▸ Task item
What is needed is an exact copy of the lines from the one containing "de la Fuente)" through the last line of the records, with no pictures.

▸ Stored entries
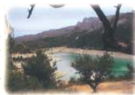
Embalse de Guadalest
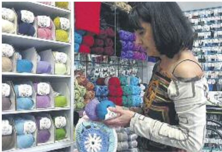
L'Obert al Futur és un programa gratuït.
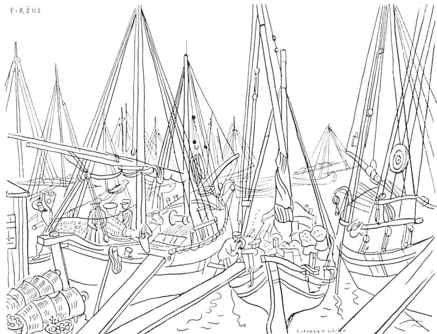
Piräus, der Hafen von Athen
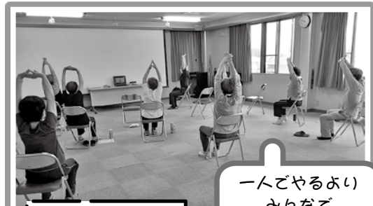
半年ぶりの 活動でした。

月に2回。1時間ほど体操やストレッチを行います。自宅ではなかなか運動ができない人もここではみんなで楽しく体を動かすことができます。 会の仲間も募集しています。市内在住の方はどなたでもご参加いただけます。
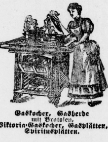
Gastgeber, Gaderbe mit Brotchen, Viktoria-Gastgeber, Gaderbatter, Evertinsplatten.
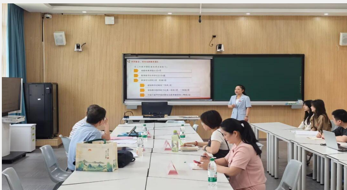
图 7-1 专业诊断与改进评估现场

为全面掌握专业建设情况，提升学校专业建设水平和人才培养质量，学校邀请省内兄弟院校 6 位专家组成专家评审组，对建筑室内设计、建设工程管理、电子商务三个专业开展校内专业诊断与改进评估工作。专家评审组依照本次专业诊断与改进评估的要求和流程展开工作，详细查阅专业人才培养方案、专业诊改自评报告及支撑材料、认真听取各专业带头人的汇报、深入教室听课、仔细查验自评报告相关原始档案材料、抽查审阅教学档案和课程考核档案、组织召开师生代表座谈会、实地考察各专业校内实训基地等。专家评审组充分肯定了各专业建设成效，同时指出了存在的问题与薄弱环节，并对标职业教育新要求、服务国家发展战略与区域行业发展的角度，就专业发展方向、实施路径、改进举措等提出了具有建设性的意见和建议。此次校内专业诊断与改进评估工作的顺利开展，是对学校专业建设的一次全面“体检”，也为学校进一步加强专业建设指明了方向，推动专业建设取得新突破、迈上新台阶。
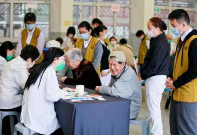
慈濟人醫團隊耐心為長者解說身體狀況，並叮嚀留意事項，讓他們感到備受關懷。
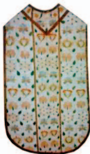
Sl.18 Misnica, poč.17.st. (slika s izložbe Liturgijsko ruho iz zbirke tekstila Muzeja za umjetnost i obrt)

Sl.18 prikazuje misnicu s početka 17. st., čiji je vez tzv. arapski bod na bijeloj lanenoj podlozi. Cijela površina misnice prekrivena je stiliziranim cvjetovima simetrično složenim tako da sugeriraju vertikalne nizove. Horizontalni raspored postiže se sa dva jednaka cvijeta koji se nižu jedan do drugoga
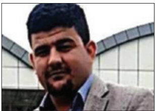
سکریتیری یه‌کیته‌ی گشتی قوتابییانی کوردستان: به‌رزیی ئینته‌مای توێژی گه‌نج ریگره له‌به‌رده‌م ئێستقلالکردنی نازادی ره‌ها بۆ به‌ره‌مه‌یانی هزری توندروه‌ی و وه‌حشیگه‌ری و سه‌رپرین

دیوارێکی پۆلایین له‌به‌رده‌م ریگرتن له‌قه‌تلوعامکردنه‌وه‌ی کورد و ته‌شه‌نه‌کردنی بیرو هزری درناده‌تی و بچ‌به‌زه‌یی و توندروه‌یی، ئیمه‌ وه‌کو توێژیکی قوتابییانی یه‌کگرتووی ئیسلامی کوردستان له‌ماوه‌ی ۲۰ سالی رابردوو کارمان کردووه‌ بۆ پاراستنی ئه‌و هزر و بۆچونه‌ میان‌ه‌وه‌وه‌ له‌دژی بلاوکردنه‌وه‌ی فکری توندروه‌یی که‌ کار بۆ تێکدانی بنه‌ما شه‌رعیه‌ی کانی ئیسلام ده‌کات، چونکه‌ چه‌ندین گروپی توندروه‌ له‌ ده‌روه‌ی سنووره‌کان کاریان بۆ به‌هه‌له‌ تێگه‌یشتنی ده‌ق و نایه‌ته‌کانی ئاینی ئیسلام کردووه‌ و سویدیان له‌ ره‌ه‌ندی سایه‌کۆلۆژی ئاینی گه‌نج وه‌رگرتووه‌، هه‌ر بۆیه‌ شه‌ری داعش به‌ پیشمه‌رگه‌ وه‌له‌ناو بردنی فکری توندروه‌یی ده‌کریت و له‌هه‌ردوو بواره‌که‌شدا گه‌نجان له‌پیشه‌نگی ئه‌و کاره‌دان».
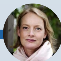
Alexandra Hagen White Arkitekter
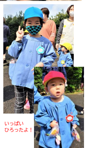
いっぱいひろったよ！
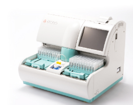
便潜血全自動免疫化学分析装置（筐体デザインを担当）
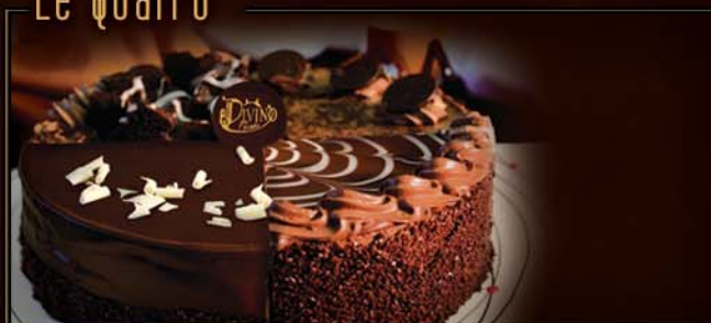
8 po / 1000 g / C 310
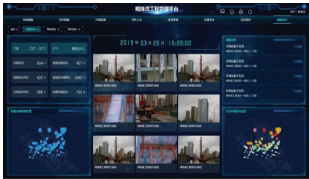
图 15 视频监控管理

智慧工地平台,可以实时查看设备运行情况,预警情况等。对重点施工机械做定位管理,实时掌握设备的具体位置,记录设备运行的轨迹数据,使设备安全、高效地运行。
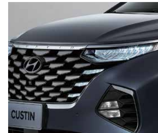
Đèn chiếu sáng LED

Cụm đèn LED thiết kế “Parametric Hidden Lights” kết hợp với các đường nét hiện đại tạo nên hình ảnh trẻ trung đẳng cấp cho Hyundai Custin.
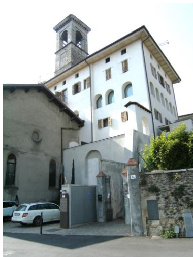
L'ex convento della Ripa da Sud
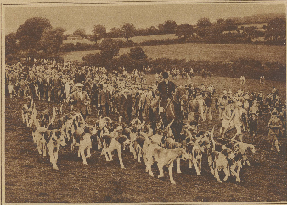
Zum Beginn der englischen Jagdsaison
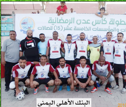
البنك الأهلي اليمني
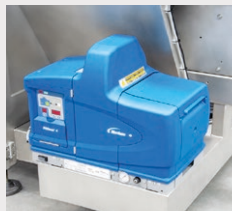
Fusore colla hot melt per la chiusura dei lembi inferiori Meler, Nordson o Noxon, su richiesta del cliente.
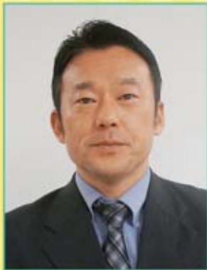
富安支部執行委員長

全国の「スズキ販売労働組合」支部の委員長にご登場いただき、様々な情報提供をしていただくコーナーです。
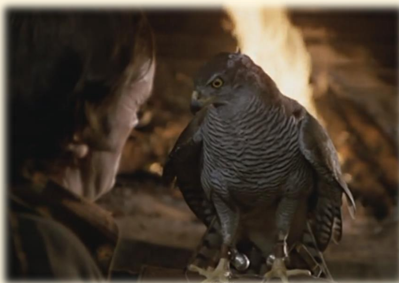
8 Taiga, el azor

“...Y naturalmente, la caperuza, esa cofia de cuero que a ustedes les ha sorprendido y que a nosotros nos permitirá manejar el azor durante dos largos días y dos noches de insomnio y de absoluta dieta.... Porque así, el hambre vencerá al temor que el pájaro pueda tenernos, el día que, por primera vez, junto a la chimenea, le quitemos la caperuza. La emoción de un halconero cuando quita por primera vez la caperuza a su pájaro recién capturado es indescriptible. ¿Cuál será la reacción del ave ante el rostro de su captor? ¿Cuál será la reacción de un ave salvaje, ante la presencia de aquél a quien debe considerar como su peor enemigo?... El hambre lo hace todo...hasta el punto de que podíamos ya tocarle las garras de acero, a pocos milímetros del pico, sin que jamás me rozara. Taiga, después de dos noches de insomnio y dos días de ayuno, empezaba a entrar en el hermoso juego de la doma.” (Taiga, el azor. El hombre y la Tierra. Félix Rodríguez de la Fuente)
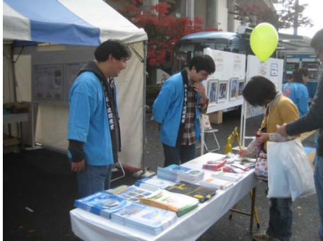
パンフレットの配布
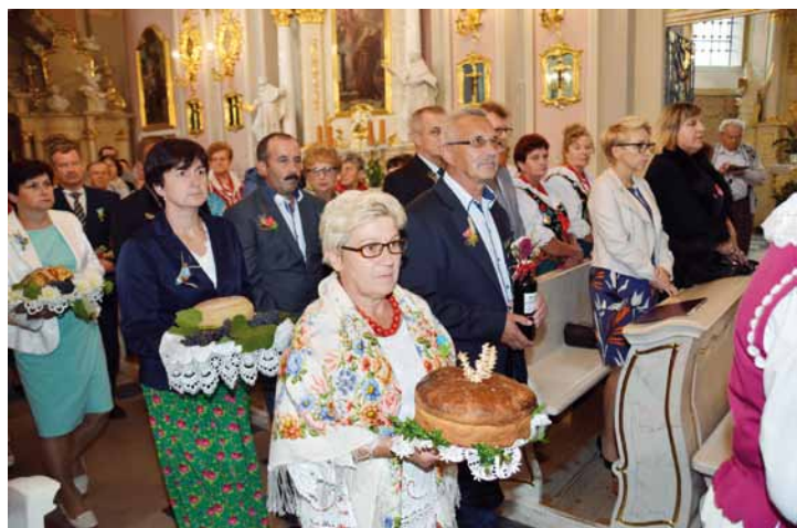
Procesja grup dożynkowych z darami
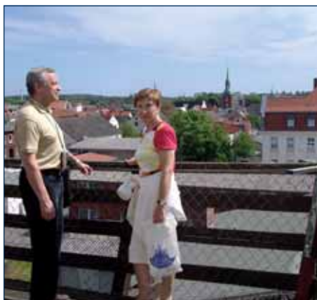
Blick von der Mühl
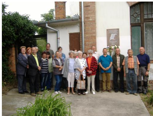
A szőnyegszövésben dolgozók tiszteletére állított tábla előtt
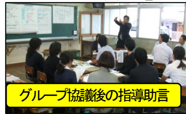
グループ協議後の指導助言
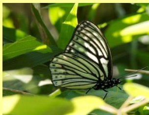
アカボシゴマダラ

▸ Written response
“...Y naturalmente, la caperuza, esa cofia de cuero que a ustedes les ha sorprendido y que a nosotros nos permitirá manejar el azor durante dos largos días y dos noches de insomnio y de absoluta dieta.... Porque así, el hambre vencerá al temor que el pájaro pueda tenernos, el día que, por primera vez, junto a la chimenea, le quitemos la caperuza. La emoción de un halconero cuando quita por primera vez la caperuza a su pájaro recién capturado es indescriptible. ¿Cuál será la reacción del ave ante el rostro de su captor? ¿Cuál será la reacción de un ave salvaje, ante la presencia de aquél a quien debe considerar como su peor enemigo?... El hambre lo hace todo...hasta el punto de que podíamos ya tocarle las garras de acero, a pocos milímetros del pico, sin que jamás me rozara. Taiga, después de dos noches de insomnio y dos días de ayuno, empezaba a entrar en el hermoso juego de la doma.” (Taiga, el azor. El hombre y la Tierra. Félix Rodríguez de la Fuente)
パンフレットの配布
Procesja grup dożynkowych z darami
Blick von der Mühl
A szőnyegszövésben dolgozók tiszteletére állított tábla előtt
グループ協議後の指導助言
アカボシゴマダラ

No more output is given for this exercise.